Hixton is a town in Jackson County, Wisconsin, United States. The population was 620 at the 2020 census. The Village of Hixton is located within the town. The unincorporated community of Sechlerville is also located in the town.

==History==
The town of Hixton was created out of a portion of the town of Albion in 1856. It is named for John L. Hicks, an early settler who came to the area in 1854.

==Geography==
According to the United States Census Bureau, the town has a total area of 34.9 square miles (90.4 km^{2}), of which 34.9 square miles (90.4 km^{2}) is land and 0.04 square mile (0.1 km^{2}) (0.06%) is water.

==Demographics==
As of the census of 2000, there were 611 people, 214 households, and 166 families residing in the town. The population density was 17.5 people per square mile (6.8/km^{2}). There were 251 housing units at an average density of 7.2 per square mile (2.8/km^{2}). The racial makeup of the town was 94.76% White, 1.96% Native American, 2.45% from other races, and 0.82% from two or more races. 2.95% of the population were Hispanic or Latino of any race.

There were 214 households, out of which 37.9% had children under the age of 18 living with them, 60.3% were married couples living together, 11.2% had a female householder with no husband present, and 22.4% were non-families. 14.5% of all households were made up of individuals, and 5.6% had someone living alone who was 65 years of age or older. The average household size was 2.86 and the average family size was 3.18.

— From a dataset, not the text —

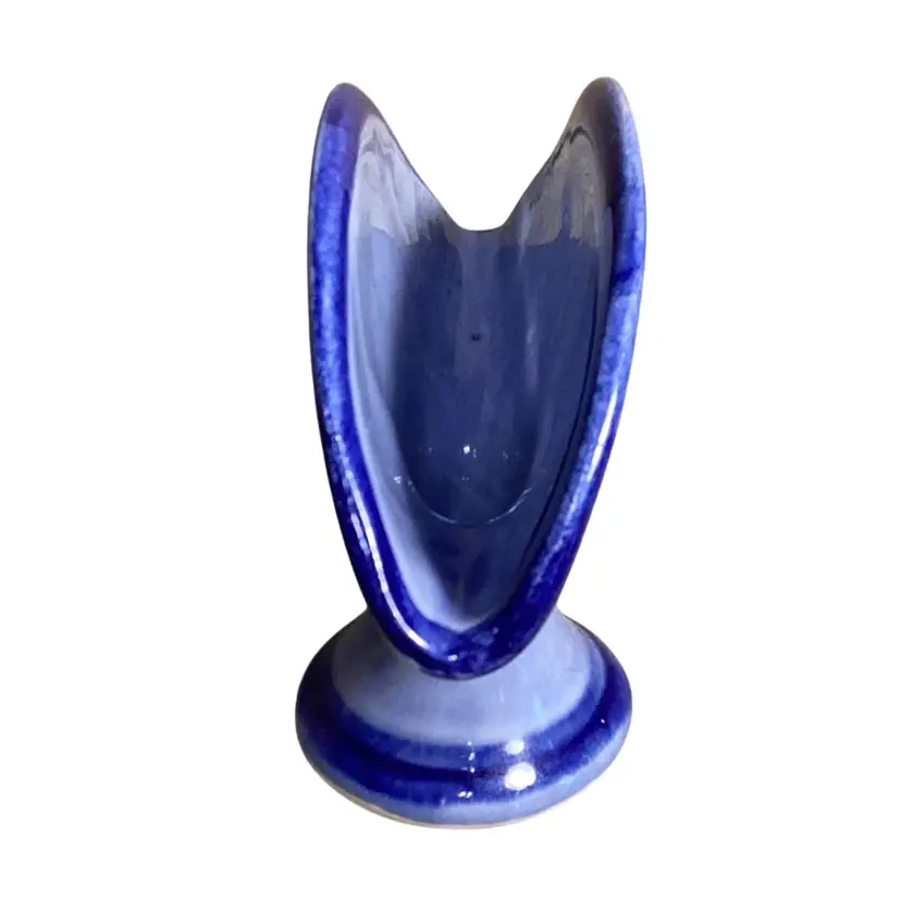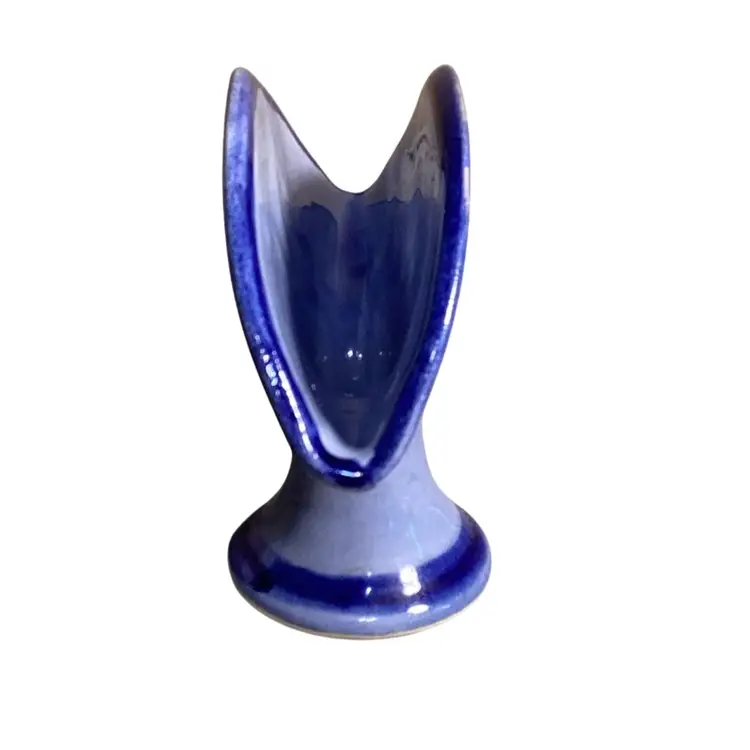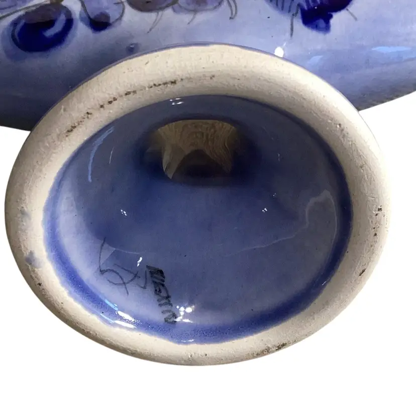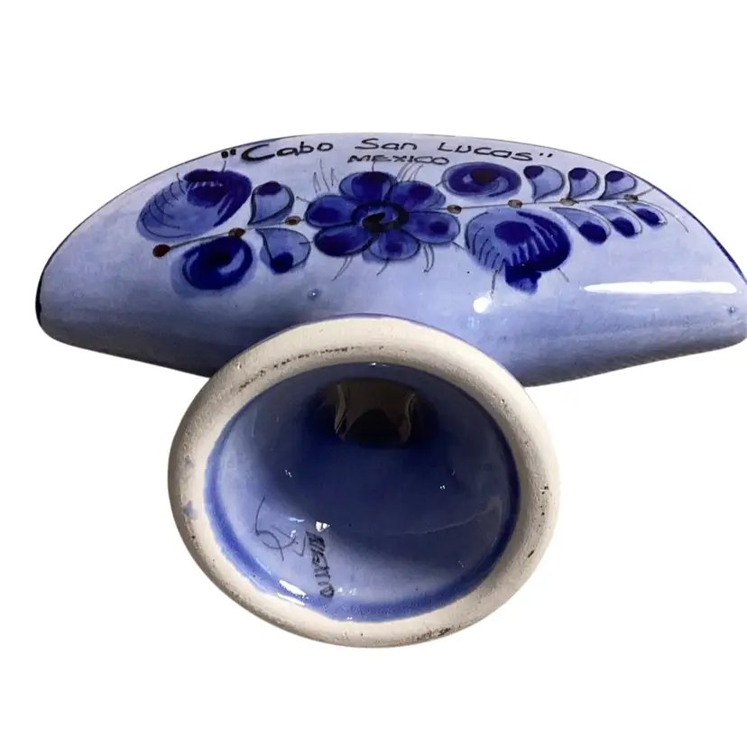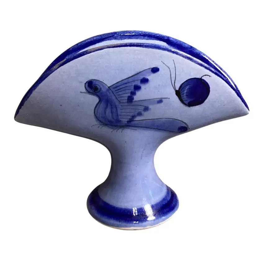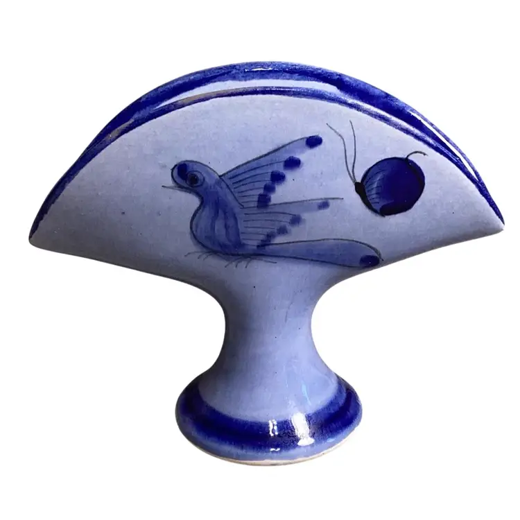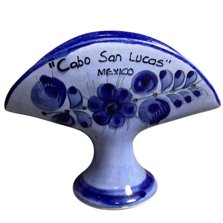 Mexico Blue Pottery Florals With Bird And Butterfly Napkin/taco Holder Signed 5” T X 6.5” W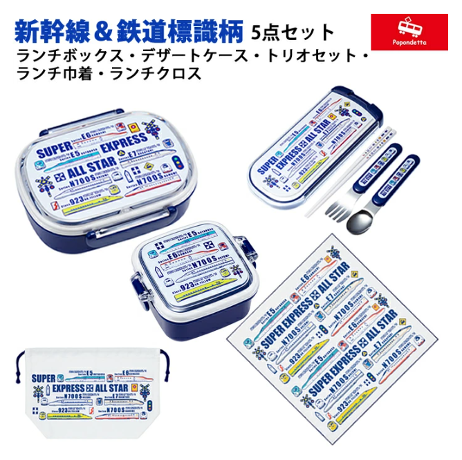 ポポンデッタ 新幹線&鉄道標識 お弁当 セット お弁当箱 トリオセット デザートケース 巾着 クロス 5点セット

In the town, the population was spread out, with 29.3% under the age of 18, 9.0% from 18 to 24, 30.8% from 25 to 44, 21.1% from 45 to 64, and 9.8% who were 65 years of age or older. The median age was 33 years. For every 100 females, there were 115.1 males. For every 100 females age 18 and over, there were 110.7 males.

The median income for a household in the town was $38,056, and the median income for a family was $39,167. Males had a median income of $26,845 versus $19,375 for females. The per capita income for the town was $15,866. About 5.6% of families and 6.3% of the population were below the poverty line, including 7.7% of those under age 18 and none of those age 65 or over.